Open mikoontz opened 4 years ago

mikoontz commented 4 years ago

I get an error when running the mltools:empirical_cdf() function on a wild-caught data set-- I think related to there being some repeat values in the columns? (though I can't always reproduce the error when there are some repeats!)

Is this a fundamental limitation of the algorithm? Or is there something else more insidious that might be at work?

Here's a reproducible example (and the location in the function code where it seems to break):

library(data.table)
library(mltools)

set.seed(123)
data <- as.matrix(data.frame(x = c(rep(0, 4), 1), y = c(rep(0, 2), 4, 2, 1), z = rnorm(n = 5)))
dt <- data.table(data)

The data look like this:

> dt
   x y           z
1: 0 0 -0.56047565
2: 0 0 -0.23017749
3: 0 4  1.55870831
4: 0 2  0.07050839
5: 1 1  0.12928774

Implementing the ecdf looks like this:

(mltools_package <- empirical_cdf(dt, ubounds = dt)$CDF)

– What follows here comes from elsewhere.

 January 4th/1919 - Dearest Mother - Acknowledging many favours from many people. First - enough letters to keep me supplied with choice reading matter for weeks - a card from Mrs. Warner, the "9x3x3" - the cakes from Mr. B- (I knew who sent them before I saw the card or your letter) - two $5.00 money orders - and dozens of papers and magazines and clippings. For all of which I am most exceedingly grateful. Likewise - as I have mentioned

And the error (from {data.table}) looks like this:

Error in vecseq(f__, len__, if (allow.cartesian || notjoin || !anyDuplicated(f__,  : 
  Join results in 17 rows; more than 10 = nrow(x)+nrow(i). Check for duplicate key values in i each of which join to the same group in x over and over again. If that's ok, try by=.EACHI to run j for each group to avoid the large allocation. If you are sure you wish to proceed, rerun with allow.cartesian=TRUE. Otherwise, please search for this error message in the FAQ, Wiki, Stack Overflow and data.table issue tracker for advice.

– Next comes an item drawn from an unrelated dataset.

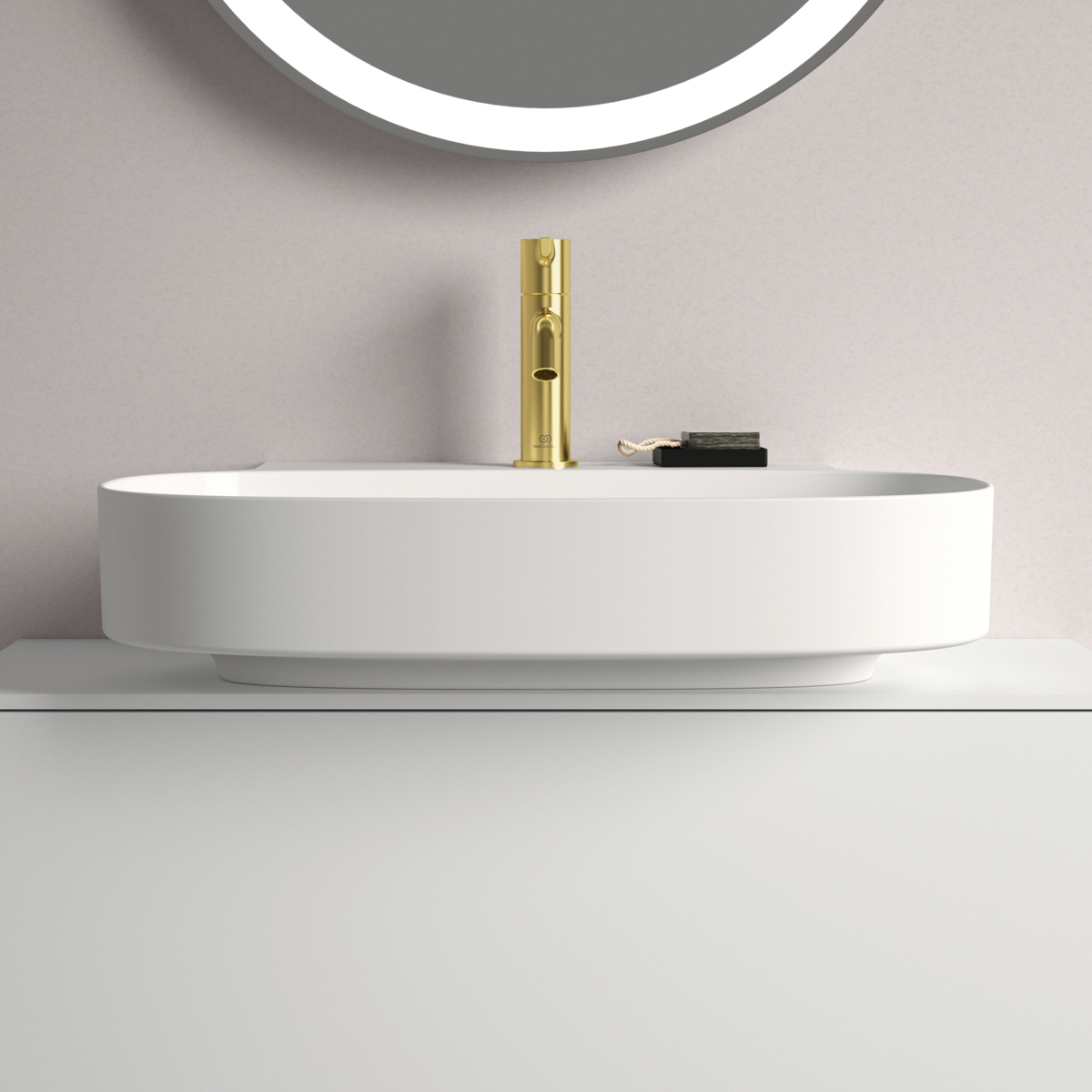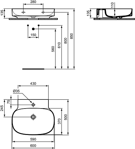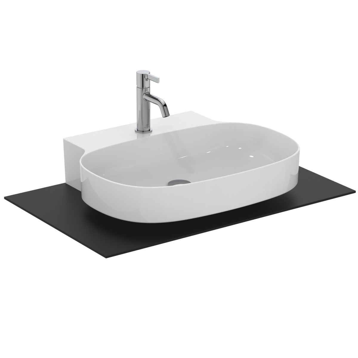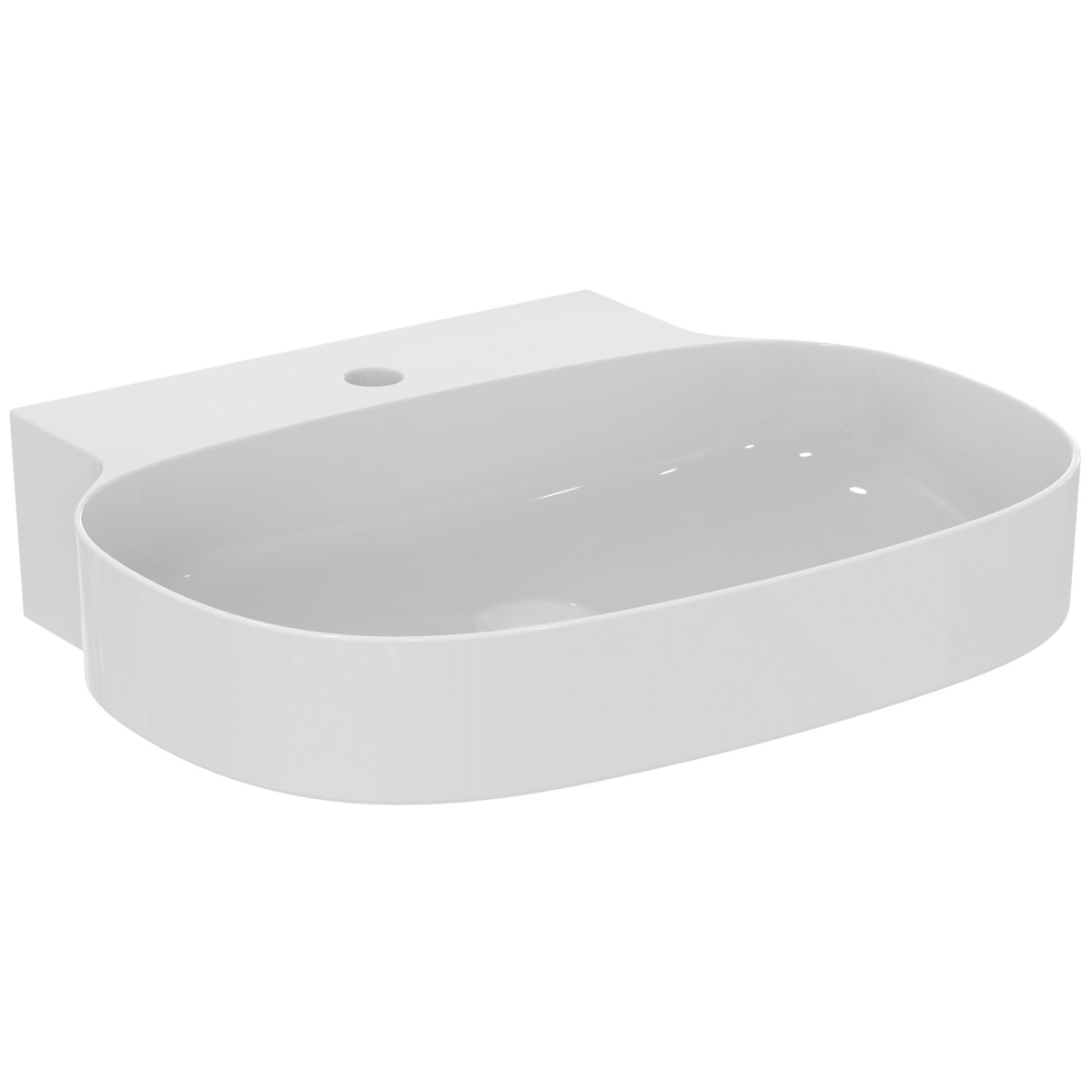 LINDA-X Раковина 60 см с отверстием под смеситель, без отверстия перелива. Технология Diamatec®. Для монтажа со скрытым переливом IdealFlow N8326AA или сливом Free flow E2114xx (заказываются дополнительно). Шлифованный низ, для настенного монтажа с мебелью или столешницей. С монтажным шаблоном. Без крепежа (рекомендованный крепеж - WW965340)

This appears to break during the rolling join (https://github.com/ben519/mltools/blob/e952f3b06d035502c16d090a64f54759f0dc94ab/R/empirical_cdf.R#L99).

Copypasting your function code to my script and (naively!) adding "allow.cartesian=TRUE" to the rolling join line gives CDF results greater than 1, so it doesn't seem to be a super simple fix.

Is this just a limitation of this particular algorithm?